One possible mechanism that may underlie these findings is that increased activity in dopaminergic pathways is related to increased impulsivity and a corresponding reduced ability to control impulses for many behaviors, including smoking [26,27], drug abuse [28], feeding [29], and depression-induced attempted suicide [30]. A common measure of impulsivity in humans is delay discounting in which participants are given the choice between one large delayed reward and one successively smaller immediate reward [31]. To quantify impulsivity indifference points are typically computed [32], which is the point at which participants switch from choosing a smaller immediate reward to choosing a larger delayed reward; choosing the smaller immediate reward is the impulsive choice; choosing the larger delayed reward is the self-controlled choice [33]. In the present study, a single indifference point was computed for each participant, to limit the number of trials each participant completed, and so that a single dependent measure could be compared across categorical groups.
While much is known about the overlapping neurobiological mechanisms between depression and obesity, relatively little is known about the influence of “self-control” on the bi-directional risk between obesity and depression.

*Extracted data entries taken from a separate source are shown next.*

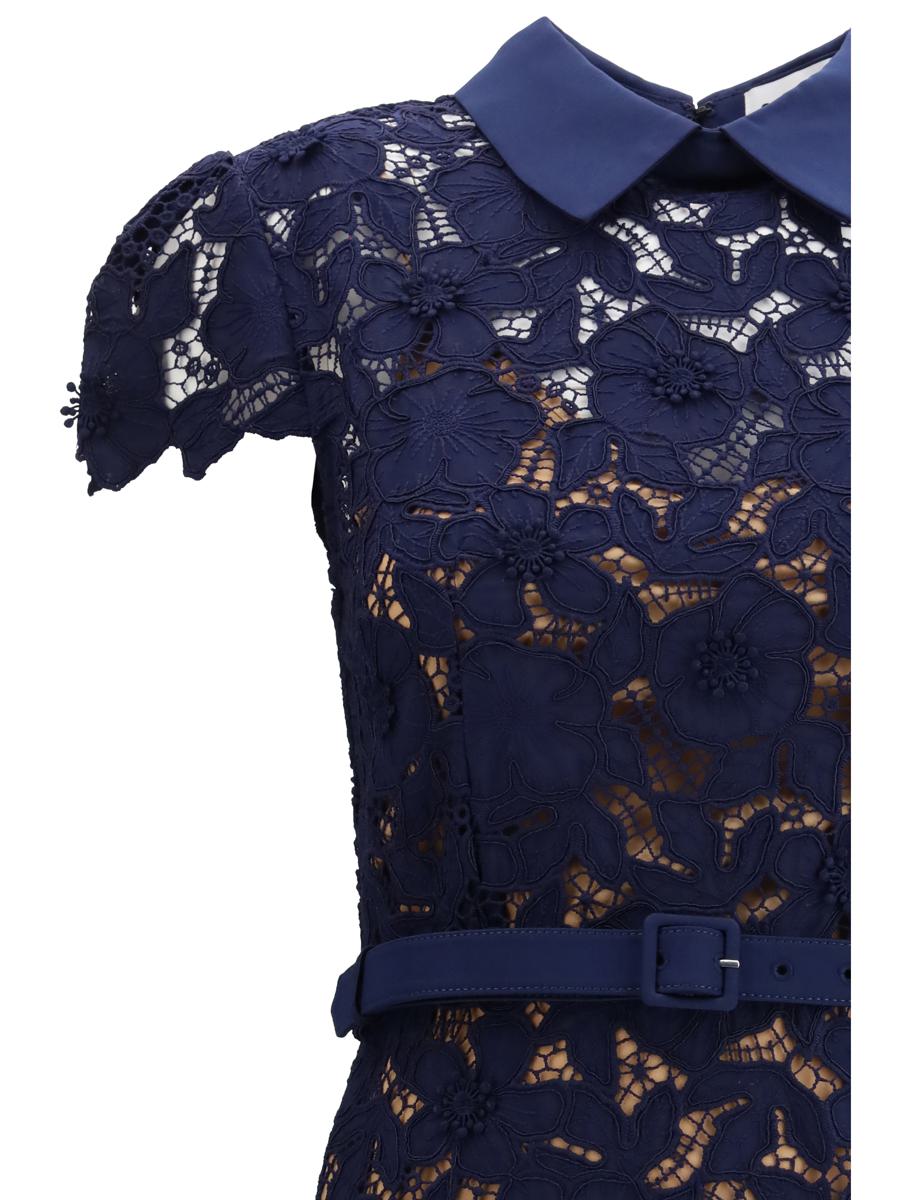 SELF-PORTRAIT'S GUIPURE LACE MIDI DRESS INTERPRETS TIMELESS ELEGANCE WITH A MODERN, FEMININE TWIST. THE BRAND'S SIGNATURE GUIPURE LACE FABRICATION DEFINES A FIT-AND-FLARE SILHOUETTE ENHANCED BY A DYNAMIC, FLOWING HEMLINE. THE LAPEL COLLAR LENDS A TAILORED ACCENT, WHILE THE TON SUR TON BELT DELICATELY EMPHASIZES THE WAIST. COMPLETED WITH INVISIBLE BACK ZIPPER AND REMOVABLE PETTICOAT, IT IS A REFINED DRESS, PERFECT TO WEAR WITH STILETTO HEELS FOR A SPECIAL OCCASION.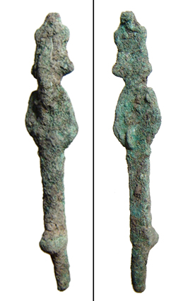 Ancient Egypt, Late Dynastic Period, c. 664 – 332 BC. A fascinating and unusual small Egyptian bronze figure of "Triad" Osiris. Three conjoined figures of Osiris, depicted mummiform, wearing atef crown with uraeus and false beard, arms folded across chest, clutching a crook and flail. Three small intact suspension loops on the back! Difficult to see in the photo. 30x18mm. Ex Vigil collection, New Mexico, purchased at Argosy Art & Artifacts 5/9/86. #PV017: $350 SOLD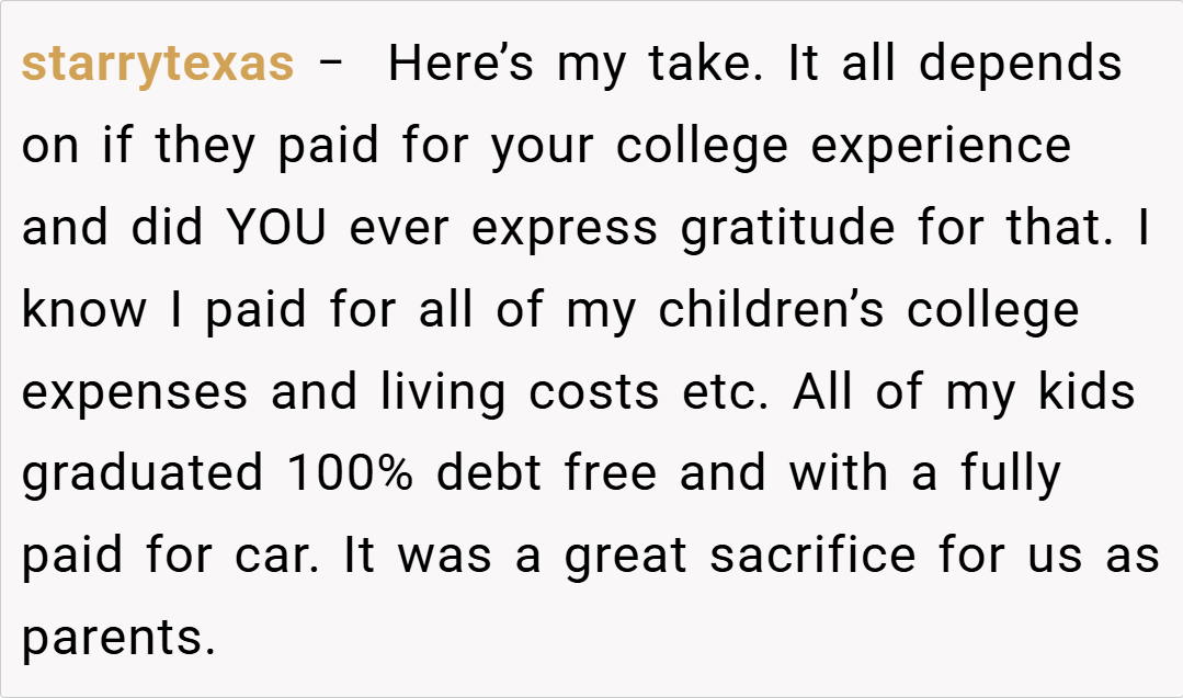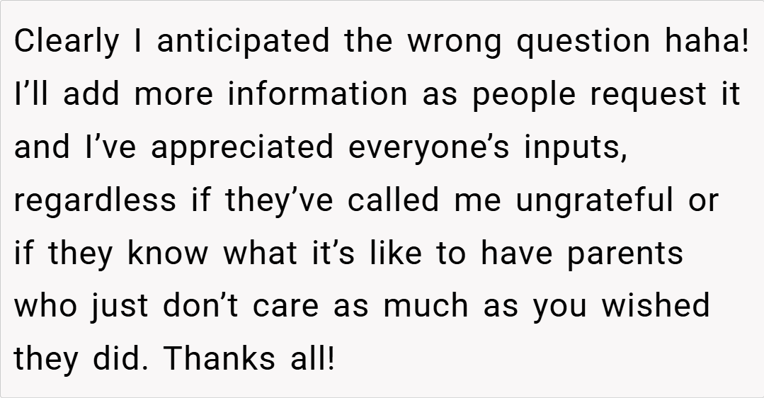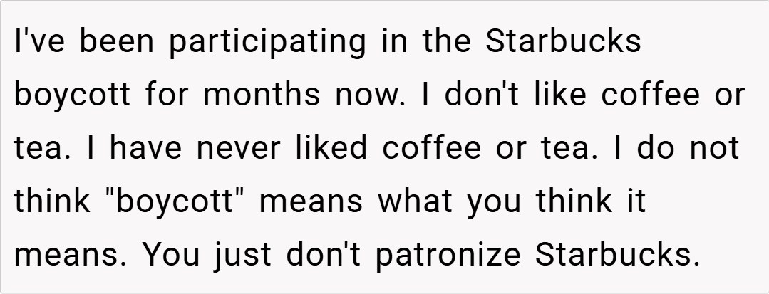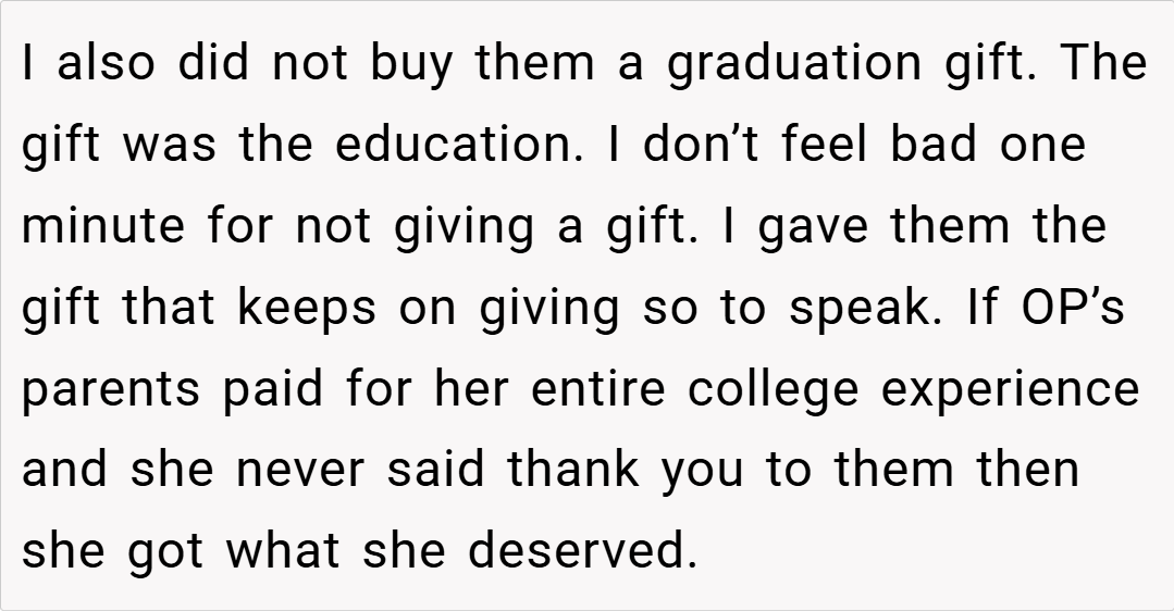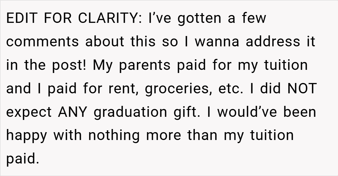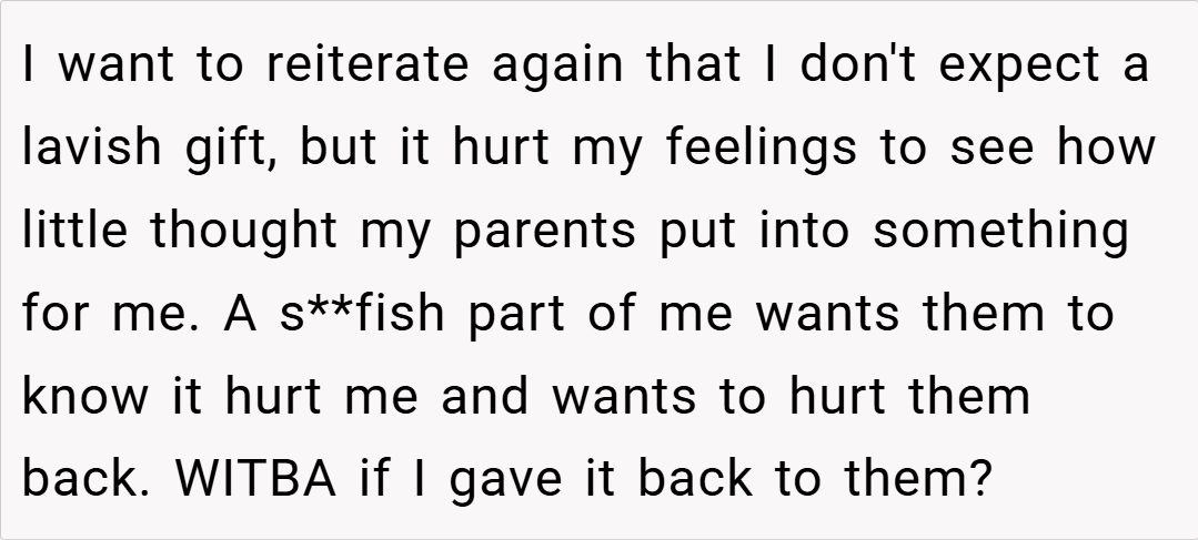 Though she never expected an extravagant present (especially since her parents covered tuition while she handled rent and groceries), this token gift cut deep. Not only does she not like coffee or tea, but she’s also been actively boycotting Starbucks for months. Instead of feeling celebrated, the gift made her question whether her parents truly know or care about who she is.

In the present study, we specifically tested “self-control” using food items as choices in the delay discounting procedure to evaluate its relationship with depression and BMI characteristics. One hypothesis is that those with depression have a reduced ability to control their food choice specifically for “comfort” foods that can stimulate these brain reward regions. Thus, those with depression may make more impulsive food choices in a delay discounting task. A corollary to this hypothesis is such a finding may be most prevalent among those with atypical depression [34] and participants who are obese, which was tested here with an analysis for the clinical and statistical significance of the relationship between self-control of food choice (measured by delay discounting), obesity (measured by BMI), and depression (measured by the HAMD [35]) for each of four food types (a dessert, fried food, fruit, and vegetable).
Method
Participants
All participants were adults who signed a written informed consent. The St. Bonaventure University Institutional Review Board (IRB) approved the protocol for this study. IRB Approval number: IRBSP14-08. A total of 92 university undergraduate students (32 men, 60 women) were recruited through university classroom visits and sign-up sheets. The following participant variables are summarized by sex and depression category in Table 1: height, weight, age, and BMI. In an initial screening phase, participants reported that they were in general good health with no significant physical or doctor diagnosed food allergies, pregnancy, or dietary restrictions. Subjects with and without current depressive symptoms were permitted to enter the study. None of recruited participants were on psychiatric medications. Participants were told during the initial screening phase not to eat within two hours of the study. Because hunger states can influence food choice and intake [36, 37], participants who ate within two hours of the study were excluded from data analyses; hunger was further added as a covariate in statistical analyses. All participants identified that they were familiar with, had consumed, and generally liked the foods for which they were asked to evaluate in the delay discounting task.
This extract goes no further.